24 May 2024

KENDRICK VS. DRAKE BEEF: the do's and don'ts of using AI in a creative process

For anyone that’s been online the past few weeks, there’s been a lot of activity surrounding the boiling over of a beef that’s been stewing for almost a decade.

For those not caught up, wondering about the intricacies of the beef and how it evolved, read more here.

The winner has been widely proclaimed to be Kendrick Lamar. His latest track “Not Like Us” is already being deemed a summer anthem and surpassing every record previously held by Drake. Ironically, in the song which many see as the official start of the beef, Push Ups, Drake raps:

Numbers wise, I'm out of here, you not f*ckin creepin up.

That did not age well.

We’re here to discuss where else Drake went wrong and what it has to do with AI.


Use AI to summarise and help you understand lyrics

Drake tragically misunderstood the contents of a song released in Lamar’s 2022 Mr. Morale and the Big Steppers, resulting in the widely dismissed claims in The Heart pt. 6, namely that Lamar had been sexually abused as a child. A quick check-in with chat gpt shows the song in question Drake refers to, Mother I Sober, instead is a metaphorical exploration of systematic abuse and generational trauma endured by the Black community in the US. Oops.

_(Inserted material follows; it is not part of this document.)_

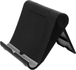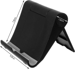 Kompaktiškas ir lengvas telefono stovas elegantiškos juodos spalvos siūlo universalų naudojimą namuose, biure ir kelionėse. Dėl reguliuojamo pasvirimo kampo lengvai nustatysite idealią padėtį vaizdo įrašams žiūrėti, vaizdo skambučiams ar skaitymui. Tvirta PP plastiko konstrukcija ir neslystanti atrama stabiliai laiko telefoną tiek vertikaliai, tiek horizontaliai.

Screenshot 2024-05-16 at 09.40.28

[1.5 million dislikes & counting]

[My mom came over today, and I was like, "Mother, I—

Mother, I—, mother—," ahh, wait a second

That's that one record where you say you got m*lested

Aw, f*ck me, I just made the whole connection

This about to get so depressin'

This is trauma from your own confessions

This when your father leave you home alone with no protection, so neglected]

Drake’s making a connection, but it’s the wrong one. People are angry because Drake went through Kendrick’s catalogue, hears Mother I Sober, misunderstands it, and still tries to poke fun at what he interprets as Lamar being abused. Lamar’s previous verse detailing his lack of understanding of metaphors in Meet the Grahams is proven correct:

But truthfully, I don't have a hatin' bone in my body

This supposed to be a good exhibition within the game

But you f*cked up the moment you called out my family's name

Why you had to stoop so low to discredit some decent people?

Guess integrity is lost when the metaphors doesn't reach you

Moving on, DO use Aeterna’s proprietary data to place your message to the right audience. Our dev team’s PromptStream uses an unsupervised model to pick up on trending topics, like this one and those more under the radar, too.

NOTE: unlike other providers, we DON’T target segments including minors, something we suggest Drake’s publicists might do in the future (as per his popularity amongst and seeming interest in teens, also heavily referenced in the rap battle.)

don’ts we endorse:

DON’T, like in Drake’s now retracted Taylor Made Freestyle, use AI to resuscitate deceased rap icon Tupac Shakur, having his ghost spew disses targeted at the rapper widely seen as his successor in the west coast rap scene. Especially in the context of multiple of his peers having already accused him of being a culture vulture, just rap as yourself.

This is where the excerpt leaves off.